A reference for algebraic lie algebra being same as "holomorphic Lie algebra"? I cannot recall one to mind, but it is easier to give a proof. The algebraic ones give local co-ordinates; so algebraic lie algebra is $n$ dimensional, ($n=dim(G)$). Hence it has the same dimension as the "holomorphic" Lie algebra. –  Venkataramana Jul 18 '13 at 13:16
    
Yes, this is simple... However you should have some experience in algebraic groups to feel free in this field. Can you recommend a textbook for reading and references? –  Sergei Akbarov Jul 18 '13 at 16:10
    
I read Chevalley's book on Lie groups (see the chapter on Tannaka duality) and Humphrey's book on linear algebraic groups. Perhaps that will help? –  Venkataramana Jul 19 '13 at 2:45
    
For me it is not obvious that ${\sf Trig}(G)$ coincides with the algebra of pokynomials on the complexification of $G$. Why is this so? –  Sergei Akbarov Jul 19 '13 at 5:41

There is some difficulty. Added in edit: Only if $G$ is not compact, and infinite dimensional $H$ are also used.

  1. $G\ni x\mapsto u(x)=\langle U(x)\xi,\eta\rangle$ is in $C^\infty(G)$ if and only if one of $\xi,\eta\in H$ is a smooth vector.
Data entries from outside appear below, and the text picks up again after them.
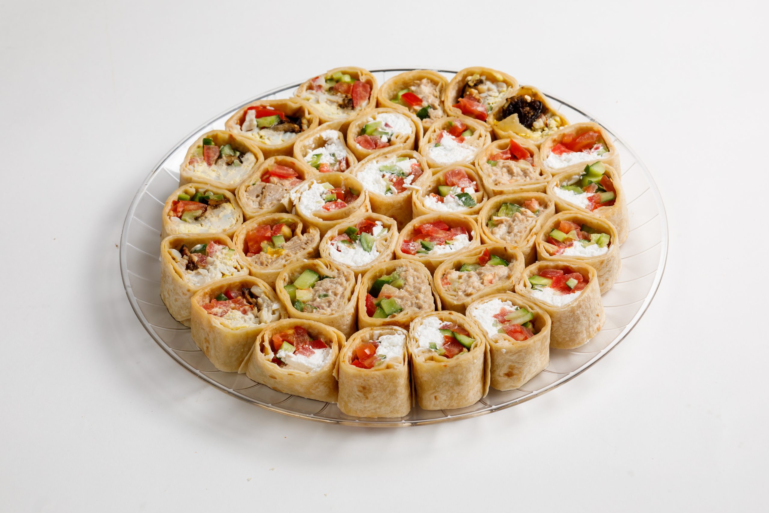 נגיסי סושי טורטייה מגולגלת במגוון טעמים: גואקמולי ,ממרח שמנת וסלומון מעושן ,ממרח סלטונה, ממרח ביצים,סביח, ממרח פסטו גבינת פטה ופלפל קלוי, ממרח עגבניות מיובשות צפתית ופלפל קלוי.
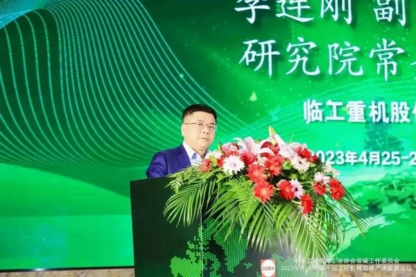 临工重机副总经理、研究院常务副院长李连刚在会上做《绿色低碳工程机械之路》主题报告,结合典型产品及应用案例,详细阐述了临工重机把握双碳战略机遇,在绿色低碳领域打造出的市场布局、系列产品、数字化工厂和服务体系。
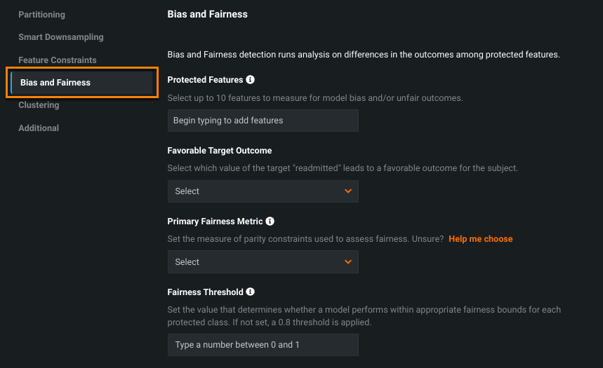 To configure Bias and Fairness, set the values that define your use case. For additional detail, refer to the bias and fairness reference for common terms and metric definitions.
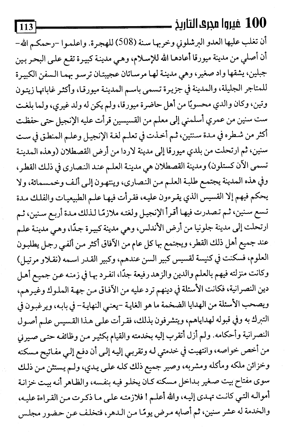 أن تغلب عليها العدو البرشلوني وخربها سنة (508) للهجرة. واعلموا -رحمكم اللَّه- أن أصلي من مدينة ميورقا أعادها اللَّه للإسلام، وهي مدينة كبيرة تقع على البحر بين جبلين، يشقها واد صغير، وهي مدينة لها مرساتان عجيبتان ترسو بهما السفن الكبيرة للمتاجر الجليلة، والمدينة في جزيرة تسمى باسم المدينة ميورقا، وأكثر غاباتها زيتون وتين، وكان والدي محسوبًا من أهل حاضرة ميورقا، ولم يكن له ولد غيري، ولما بلغت ست سنين من عمري أسلمني إلى معلم من القسيسين قرأت عليه الإنجيل حتى حفظت أكثر من شطره في مدة سنتين، ثم أخذت في تعلم لغة الإنجيل وعلم المنطق في ست سنين، ثم ارتحلت من بلدي ميورقا إلى مدينة لاردا من أرض القصطلان (وهذه المدينة تسمى الآن كستلون) ومدينة القصطلان هي مدينة العلم عند النصارى في ذلك القطر، وفي هذه المدينة يجتمع طلبة العلم من النصارى، وينتهون إلى ألف وخمسمائة، ولا يحكم فيهم إلا القسيس الذي يقرءون عليه، فقرأت فيها علم الطبيعيات والفلك مدة تسع سنين، ثم تصدرت فيها أقرأ الإنجيل ولغته ملازمًا لذلك مدة أربع سنين، ثم ارتحلت إلى مدينة جلونيا من أرض الأندلس، وهي مدينة كبيرة جدًا، وهي مدينة علم عند جميع أهل ذلك القطر، ويجتمع بها كل عام من الآفاق أكثر من ألفي رجل يطلبون العلوم، فسكنت في كنيسة لقسيس كبير السن عندهم، وكبير القدر اسمه (نقلاو مرتيل) وكانت منزلته فيهم بالعلم والدين والزهد رفيعة جدًا، انفرد بها في زمنه عن جميع أهل دين النصرانية، فكانت الأسئلة في دينهم ترد عليه من الآفاق من جهة الملوك وغيرهم، ويصحب الأسئلة من الهدايا الضخمة ما هو الغاية -يعني النهاية- في بابه، ويرغبون في التبرك به وفي قبوله لهداياهم، ويتشرفون بذلك، فقرأت على هذا القسيس علم أصول النصرانية وأحكامه. ولم أزل أتقرب إليه بخدمته والقيام بكثير من وظائفه حتى صيرني من أخص خواصه، وانتهيت في خدمتي له وتقربي إليه إلى أن دفع إلي مفاتيح مسكنه وخزائن ملكه ومأكله ومشربه، وصير جميع ذلك كله على يدي، ولم يستثن من ذلك سوى مفتاح بيت صغير بداخل مسكنه كان يخلو فيه بنفسه، والظاهر أنه بيت خزانة أمواله التي كانت تهدى إليه، واللَّه أعلم! فلازمته على ما ذكرت من القراءة عليه، والخدمة له عشر سنين، ثم أصابه مرض يومًا من الدهر، فتخلف عن حضور مجلس

See section 5 of here for a complete and transparent proof.

  2. If you consider only smooth trigonometric functions, then this is true, since smooth trigonometric functions are dense in $C^\infty(G)$, and the usual proof on manifolds goes through if you replace bump functions by smooth trigonometric functions which approximate bump functions. The Taylor expansion to first order with remainder should go through in the algebra of smooth trigonometric functions.

Is this enough information, or should I try to write down a proof?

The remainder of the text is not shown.